Forty million people living in the southwest U.S. and Mexico depend on the Colorado River, including 30 Native American tribes. In addition to generating power for 2.5 million people, more than half of the river’s water nourishes 5.7 million acres of crops.

Several century-old agreements govern the law of the river, including the 1922 Colorado River Compact, which doled out 17.5 million annual acre-feet of water to numerous stakeholders, an amount that was unsustainable even then.

While the Colorado River supplied an average of 15.2 million acre-feet per year through the 20th century, water flows have decreased by roughly 4 million acre-feet over the last 100 years. Colorado State University hydrologist Brad Udall warned that future shortfall projections may prove once again to be overly optimistic.

“Our current climate projection is beyond awful,” Udall said. In addition to current science projecting global temperatures to increase 3 degrees Celsius by the end of the century, and by 5 degrees over land, Udall criticized the Trump administration’s drastic cuts to vital climate change science, which he characterized as “insanity.”

“Why talk about global climate issues in a Colorado River conference? I’m now convinced we have to prepare for the worst-case scenario,” Udall said.

Decades before climate change became a common concern, the Colorado River was divided into upper and lower basins, which were each promised equal 7.2 million annual acre-feet of water. With populations booming first in California, lower basin water use has always outpaced upper basin consumption. Even as the lower basin has made drastic cuts to water use in recent years, the imbalance continues to drive tension, as the states negotiate future agreements, and the upper basin seeks equal rather than proportional cuts across the system.

Three key agreements determining water cuts are set to expire next year: the 2008 interim guidelines, Minute 323 to the 1944 Water Treaty with Mexico, signed in 2017, and a 2019 drought contingency plan.
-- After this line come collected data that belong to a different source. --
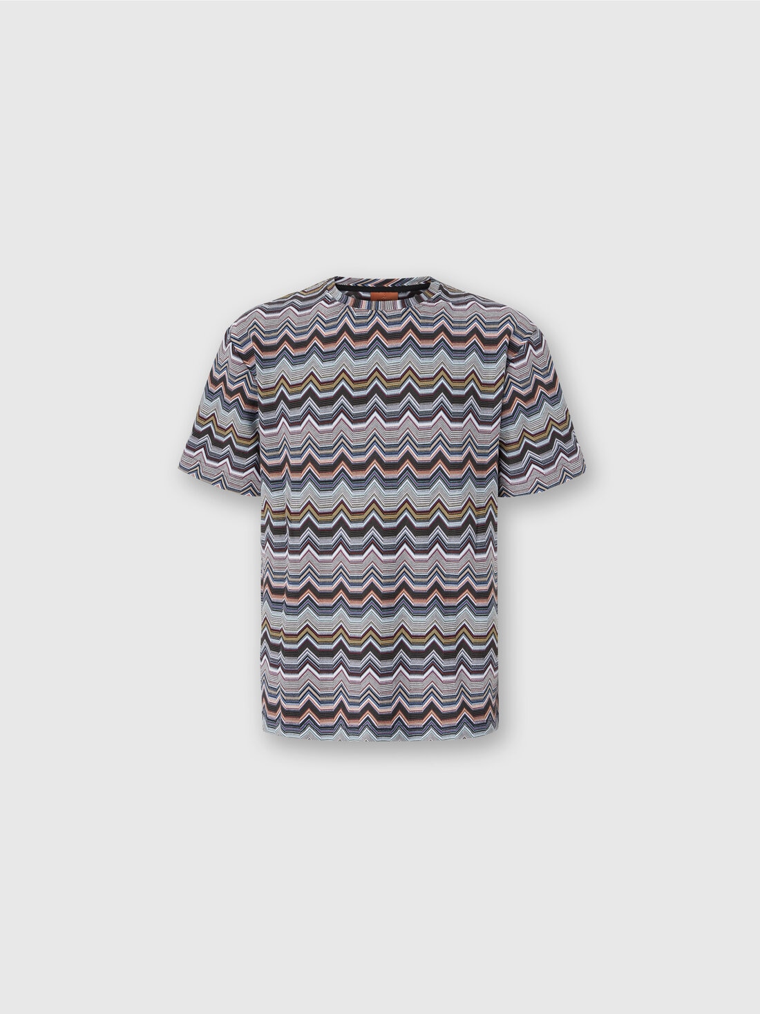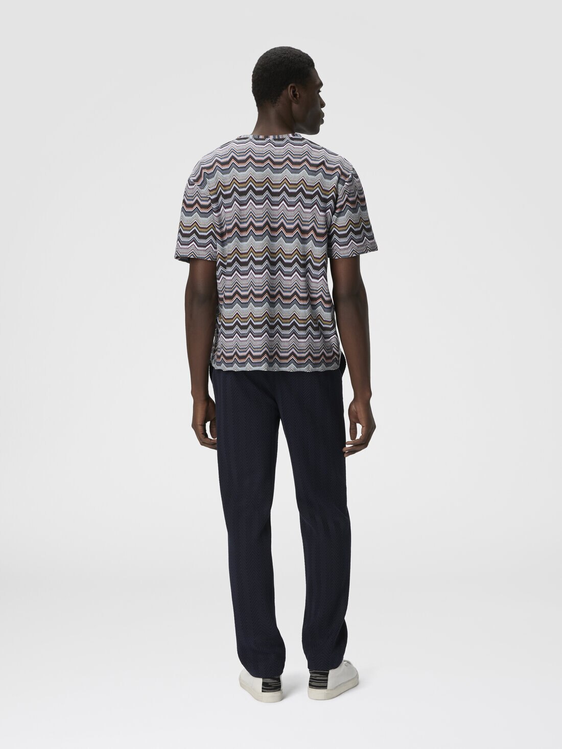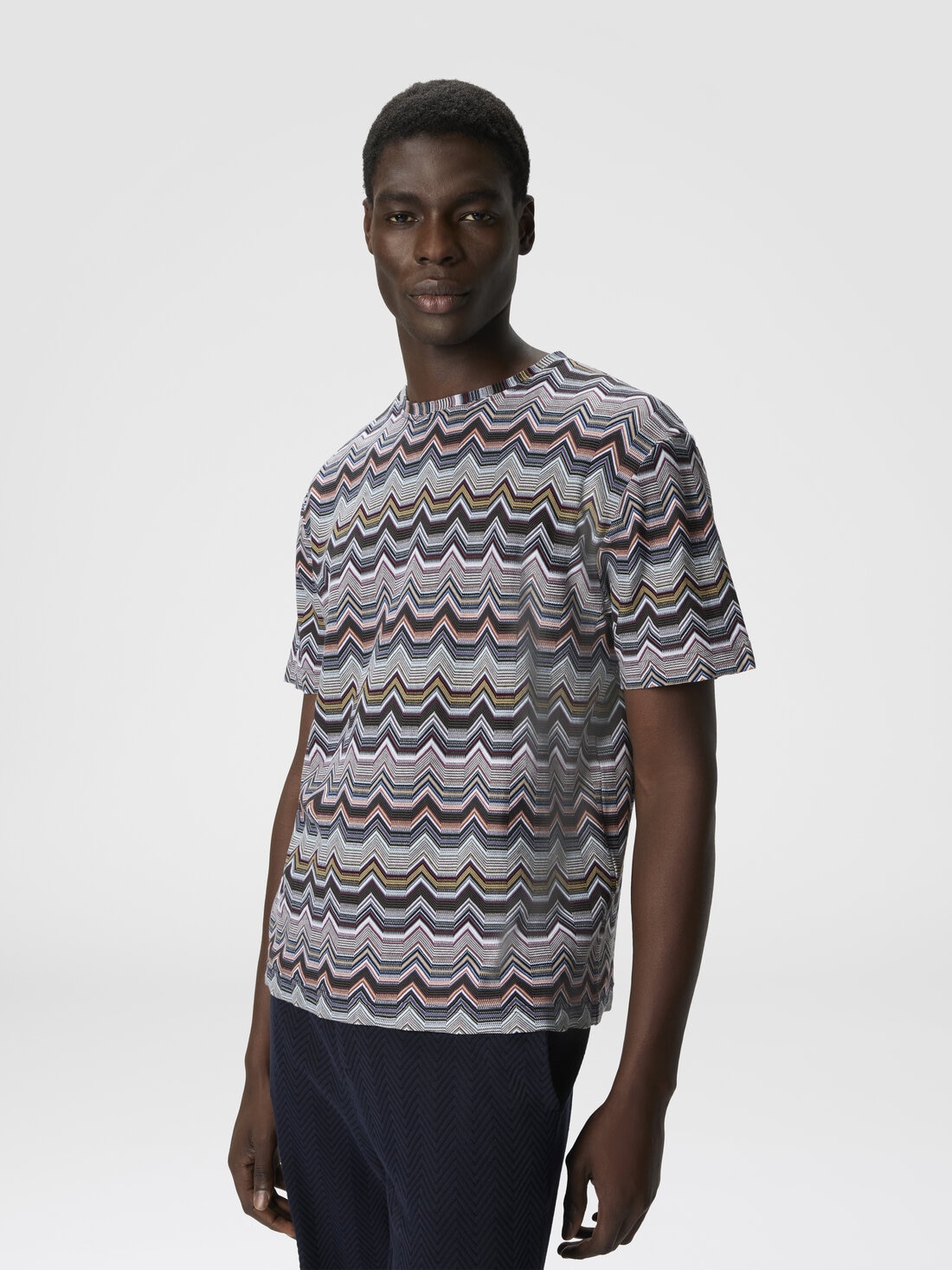 Men's short-sleeve T-shirt made of 100% cotton, with refined raschel workmanship and Missoni’s signature geometric zigzag motif. A piece that expresses the maison’s unmistakable graphic identity, combining refined texture and contemporary style.
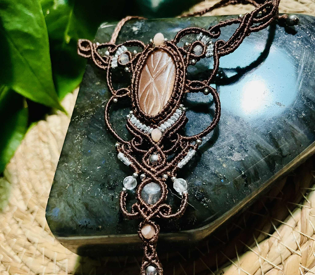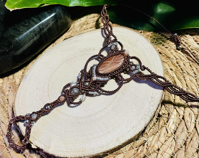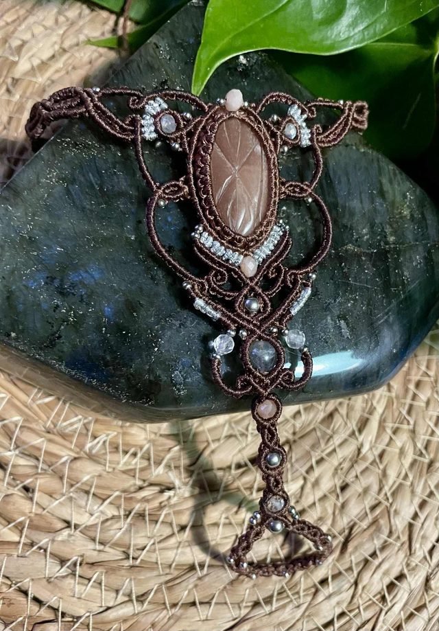 Dans le tissage , on retrouve des perles de pierre de lune facettées, de labradorite , de cristal de roche facettées et des perles en acier inoxydable.
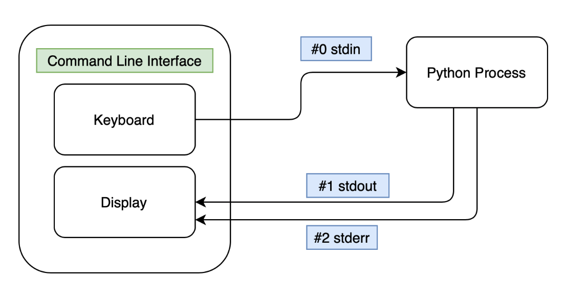 - Output from your python process is passed back to your terminal display. Here’s a simplified illustration:
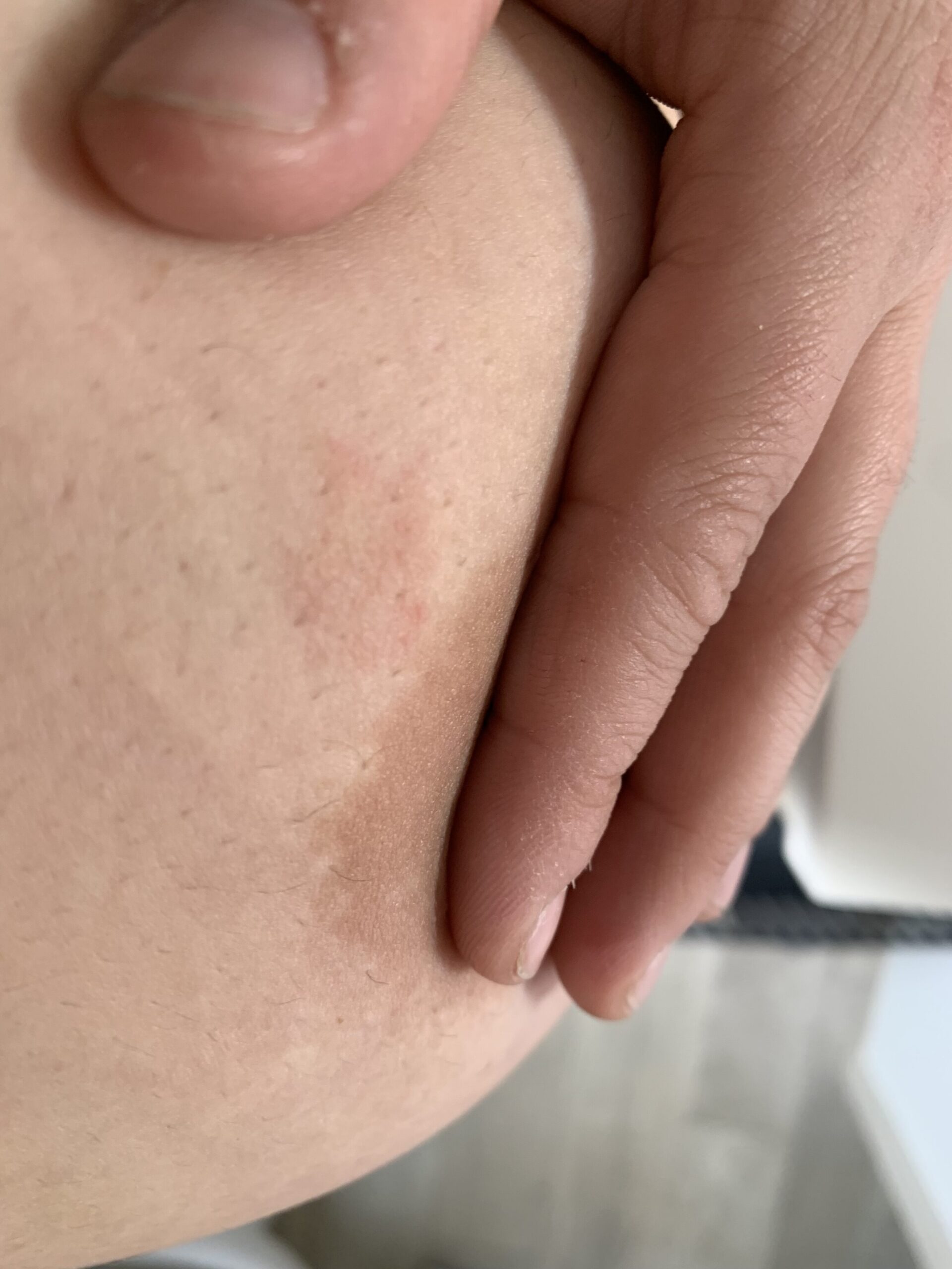 Chiazze aspecifiche di cute secca, non bagnare la parte, la sera una punta di MOST Crema Lenitiva.
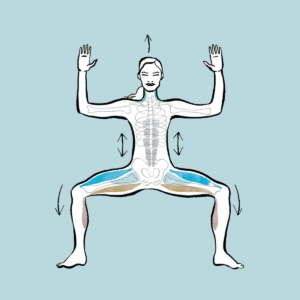 Zet jezelf stevig op de aarde neer in deze houding met de voeten zo’n anderhalve schouderbreedte uit elkaar, benen gebogen en je voeten iets naar buiten gedraaid. Dat stimuleert de kracht in je onderlichaam omdat je dij- en buikspieren aan het werk worden gezet. Tegelijkertijd opent je hart met je armen wijd in een hoek van negentig graden. Zo belichaamt de pose de essentie van het vrouw zijn: zacht en krachtig tegelijk. Geef de houding nu meer diepte. Breng je aandacht naar je voetzolen en voel hoe met elke ademhaling de energie vanuit de aarde via je voeten je lichaam in stroomt. Hoe meer geopend je heupen zijn, des te toegankelijker de pose zal aanvoelen. Ontspan je kaken – die vormen een energetisch verbond met de heupen – voor innerlijke zachtheid in de houding.
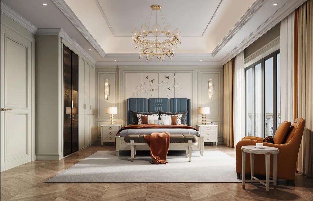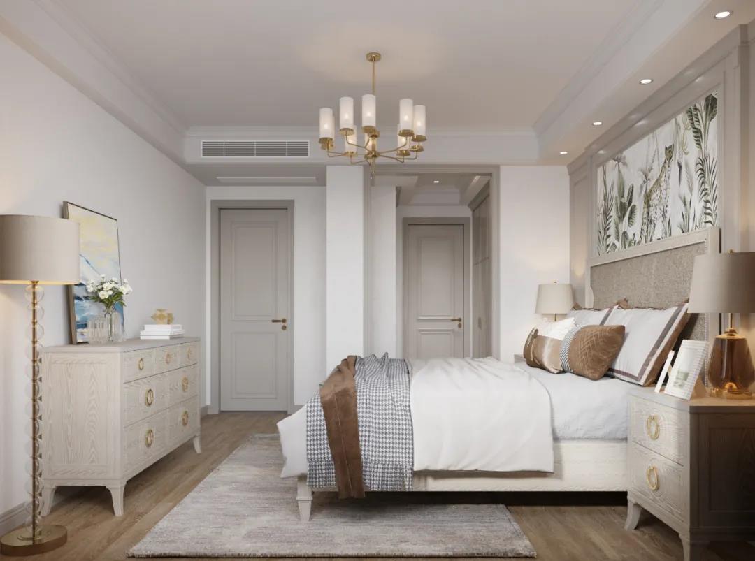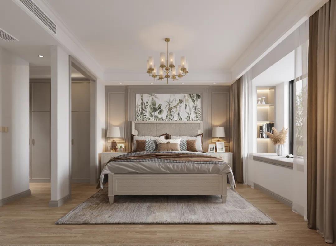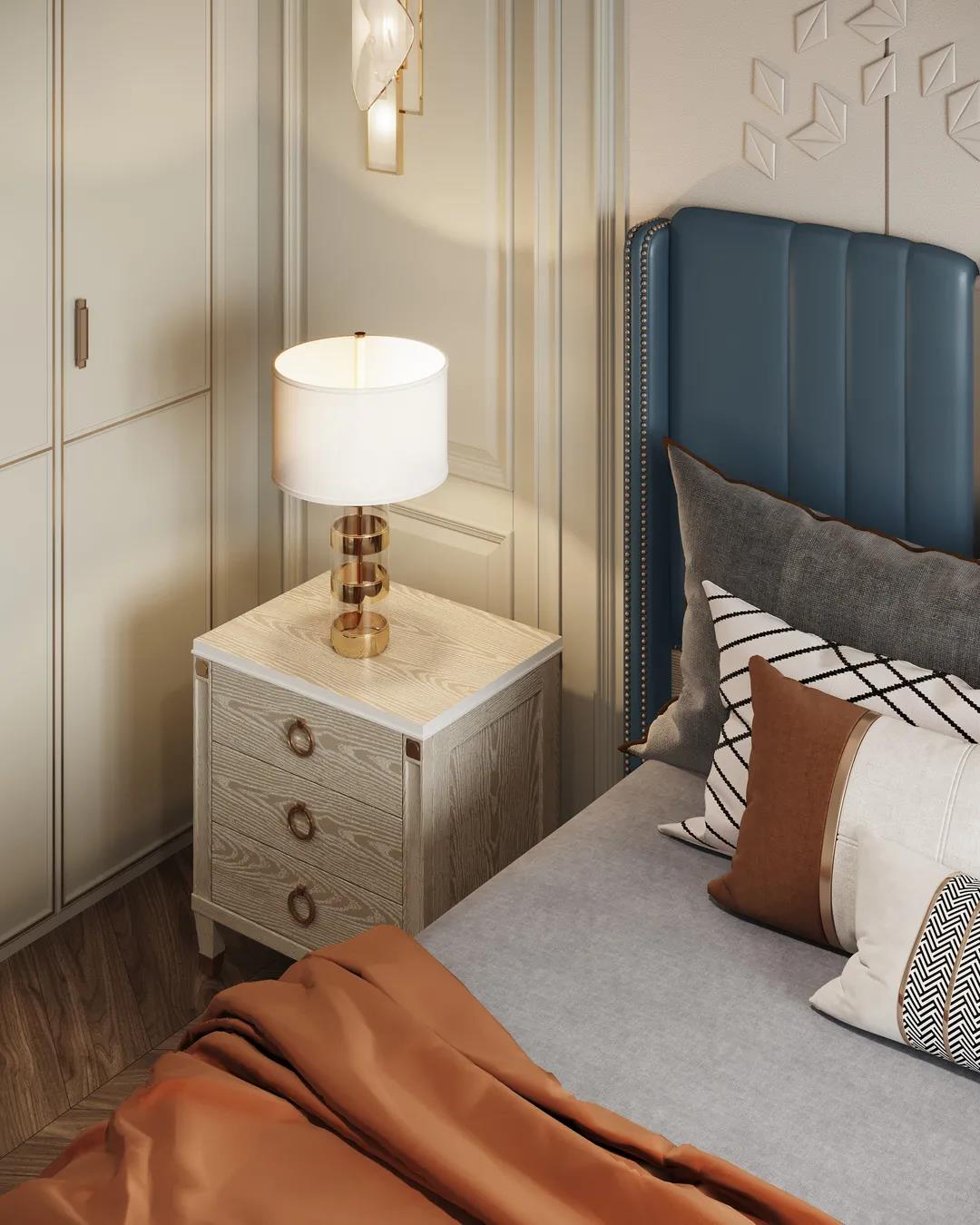 主臥以線條元素做主導(dǎo),軟包的床頭墻面充滿(mǎn)安全感,浮雕的造型給空間布局帶來(lái)了極佳的層次感,以現(xiàn)代美式輕奢框架為主題,融入了美式靈動(dòng)的線條,讓整個(gè)臥室既有時(shí)尚質(zhì)感,又有時(shí)光打磨后的穩(wěn)重。
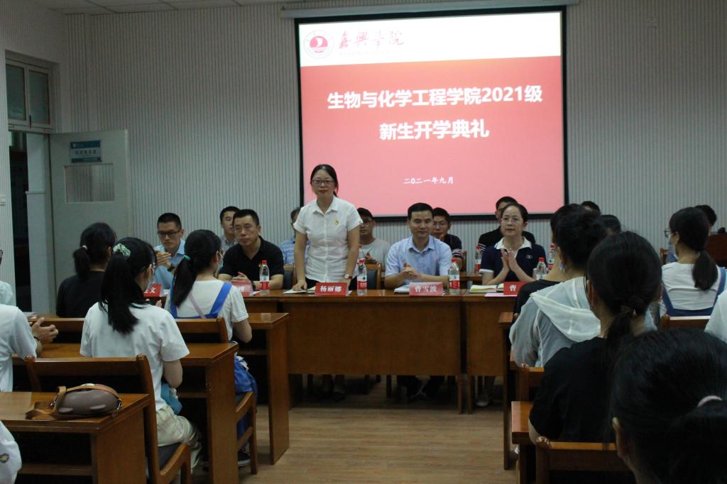 的概况、师资力量、教学科研平台、专业的发展等几个方面做了介绍,并表示在嘉兴学院“申硕创大”的契机下,同学们要尽快适应并且融入新的学习和生活环境,学有所成,志存高远。最后对全体新生提出四点希望:一是希望新同学做好准备,合理规划大学生涯;二是希望新同学自律自觉,实现全面的自我管理;三是希望新同学养成良好的学习习惯和方法;四是希望新同学培养科研能力,提高综合素质。
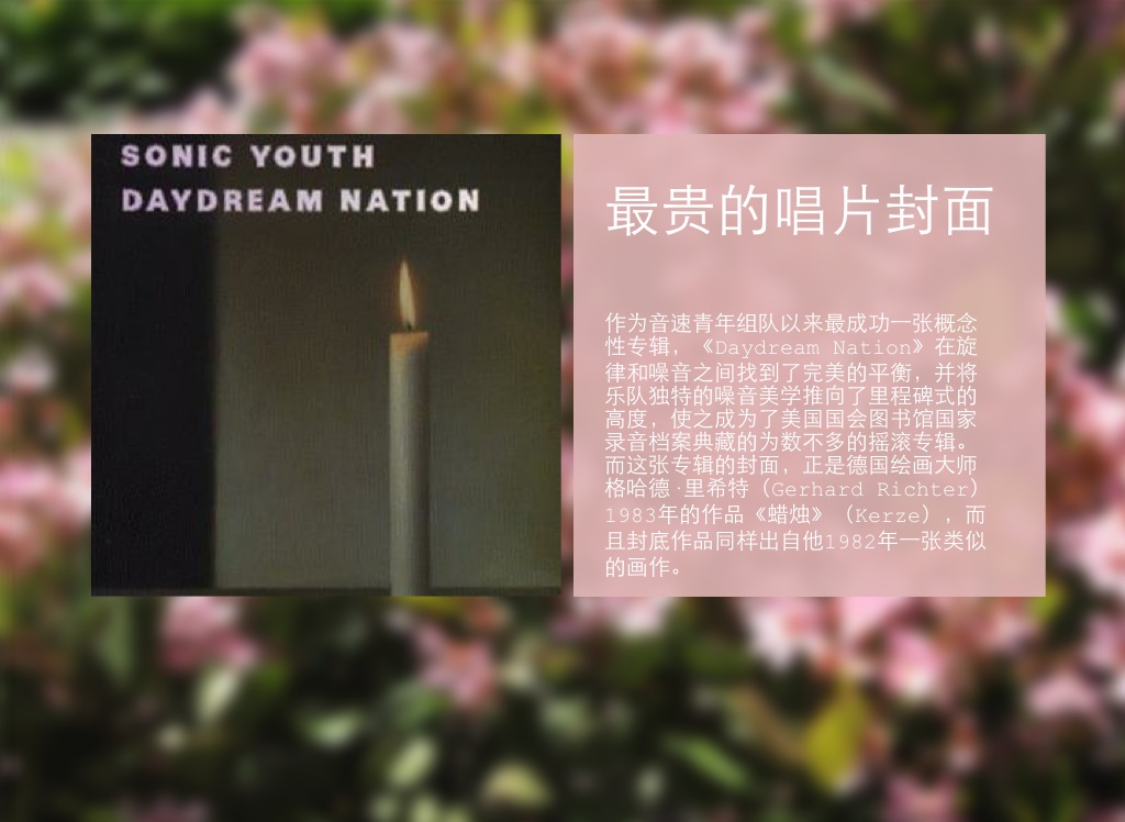 作为音速青年组队以来最成功一张概念性专辑,《Daydream Nation》在旋律和噪音之间找到了完美的平衡,并将乐队独特的噪音美学推向了里程碑式的高度,使之成为了美国国会图书馆国家录音档案典藏的为数不多的摇滚专辑。而这张专辑的封面,正是德国绘画大师格哈德·里希特(Gerhard Richter)1983年的作品《蜡烛》(Kerze),而且封底作品同样出自他1982年一张类似的画作。

With negotiations ongoing, many stakeholders say updated governing documents must reflect modern environmental and industrial strains on the river, as well as the historical wrong of excluding native tribes from water policymaking.

“Tribes have been fighting for decades for water that was theirs prior to colonization,” said Lorelei Cloud, a member of the Southern Ute Indian Tribe and the Colorado Water Conservation Board’s first indigenous chair.

Cloud argued that future water policy must be rebuilt on indigenous knowledge.

“We have a different relationship with caring for the river, and that should have been built in the foundation of that system,” Cloud said.

The Colorado Law Conference will continue through Friday, giving spotlight to indigenous tribes of the Colorado River as well as federal administrators.